__EXERCISE BRIEF__:
Taking only the lines of the data below from the line with "1990年,辽宁沈阳,刚刚大" to the line with "11:04 05/25/2022 News", ends included, write them out exactly and without pictures.

__RECORDS SHOWN__:
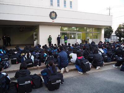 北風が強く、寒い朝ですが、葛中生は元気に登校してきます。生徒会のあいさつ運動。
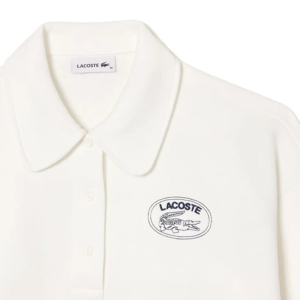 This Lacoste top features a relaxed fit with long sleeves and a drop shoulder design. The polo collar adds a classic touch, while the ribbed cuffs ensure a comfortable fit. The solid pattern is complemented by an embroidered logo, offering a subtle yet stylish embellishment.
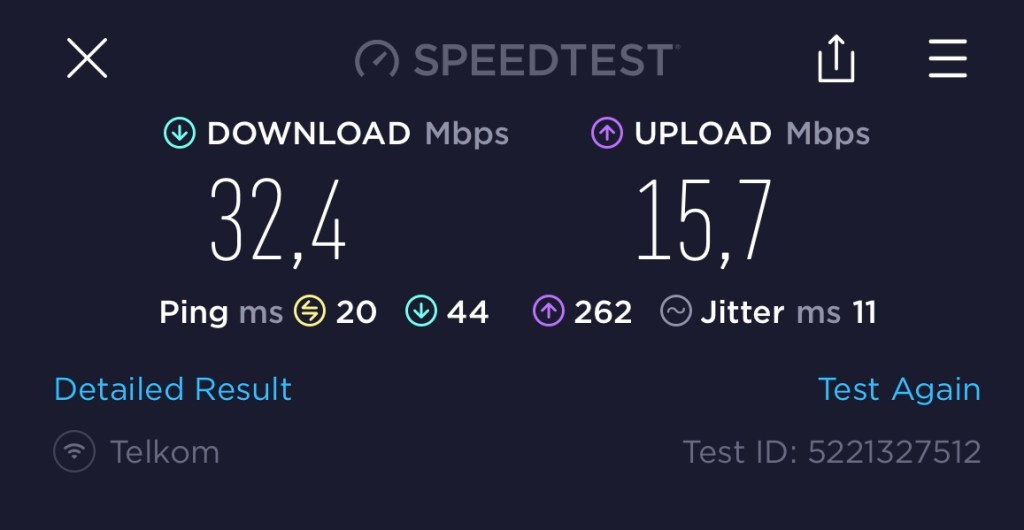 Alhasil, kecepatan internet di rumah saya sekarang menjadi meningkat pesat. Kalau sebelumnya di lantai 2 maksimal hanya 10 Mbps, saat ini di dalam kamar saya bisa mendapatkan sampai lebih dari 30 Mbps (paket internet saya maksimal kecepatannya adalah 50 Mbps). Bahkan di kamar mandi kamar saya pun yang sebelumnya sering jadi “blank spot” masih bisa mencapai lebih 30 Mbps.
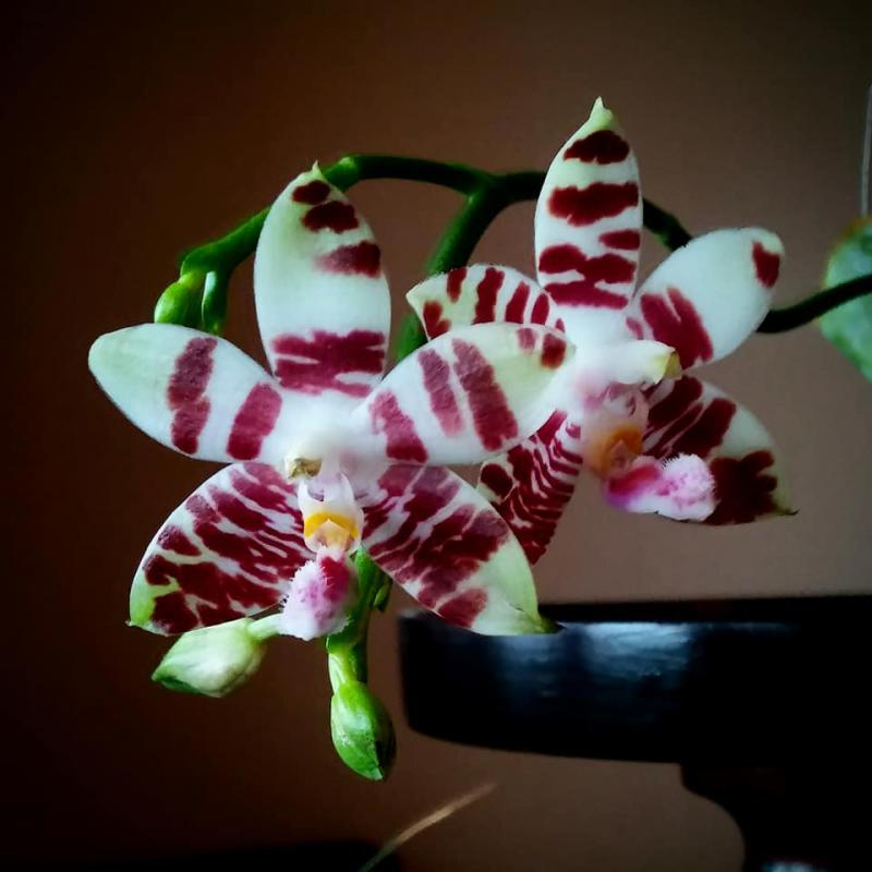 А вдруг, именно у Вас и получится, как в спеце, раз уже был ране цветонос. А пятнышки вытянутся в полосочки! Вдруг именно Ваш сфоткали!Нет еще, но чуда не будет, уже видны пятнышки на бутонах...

---

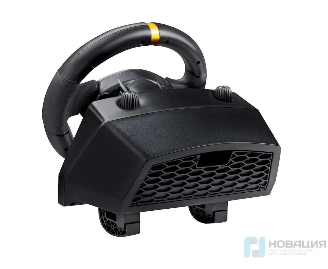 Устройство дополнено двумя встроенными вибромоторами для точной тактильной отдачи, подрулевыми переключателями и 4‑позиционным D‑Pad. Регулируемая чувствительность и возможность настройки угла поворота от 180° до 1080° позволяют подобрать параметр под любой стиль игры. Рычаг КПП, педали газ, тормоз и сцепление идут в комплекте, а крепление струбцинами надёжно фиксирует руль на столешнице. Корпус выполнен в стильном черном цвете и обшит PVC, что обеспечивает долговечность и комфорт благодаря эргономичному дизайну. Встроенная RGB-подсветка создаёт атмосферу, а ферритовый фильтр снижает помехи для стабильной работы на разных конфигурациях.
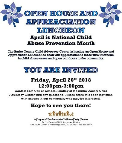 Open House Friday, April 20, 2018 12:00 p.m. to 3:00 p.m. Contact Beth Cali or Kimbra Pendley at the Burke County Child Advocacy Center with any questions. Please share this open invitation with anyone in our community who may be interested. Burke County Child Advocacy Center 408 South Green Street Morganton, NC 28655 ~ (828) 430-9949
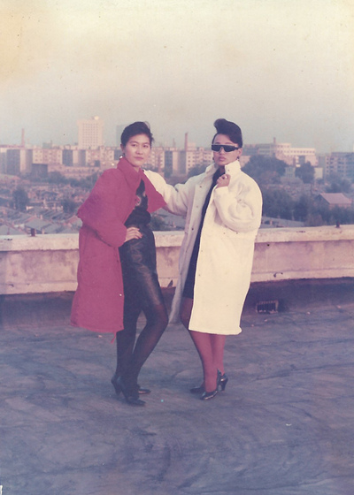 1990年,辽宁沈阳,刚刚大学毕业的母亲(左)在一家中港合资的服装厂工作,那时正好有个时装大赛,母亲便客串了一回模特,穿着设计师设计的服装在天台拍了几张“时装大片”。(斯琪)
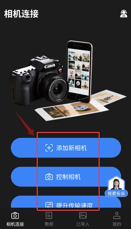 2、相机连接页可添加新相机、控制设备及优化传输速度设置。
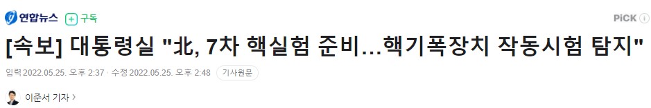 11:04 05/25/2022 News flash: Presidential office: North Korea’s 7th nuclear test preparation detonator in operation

__EXPECTED ANSWER__:
 1990年,辽宁沈阳,刚刚大学毕业的母亲(左)在一家中港合资的服装厂工作,那时正好有个时装大赛,母亲便客串了一回模特,穿着设计师设计的服装在天台拍了几张“时装大片”。(斯琪)
 2、相机连接页可添加新相机、控制设备及优化传输速度设置。
 11:04 05/25/2022 News flash: Presidential office: North Korea’s 7th nuclear test preparation detonator in operation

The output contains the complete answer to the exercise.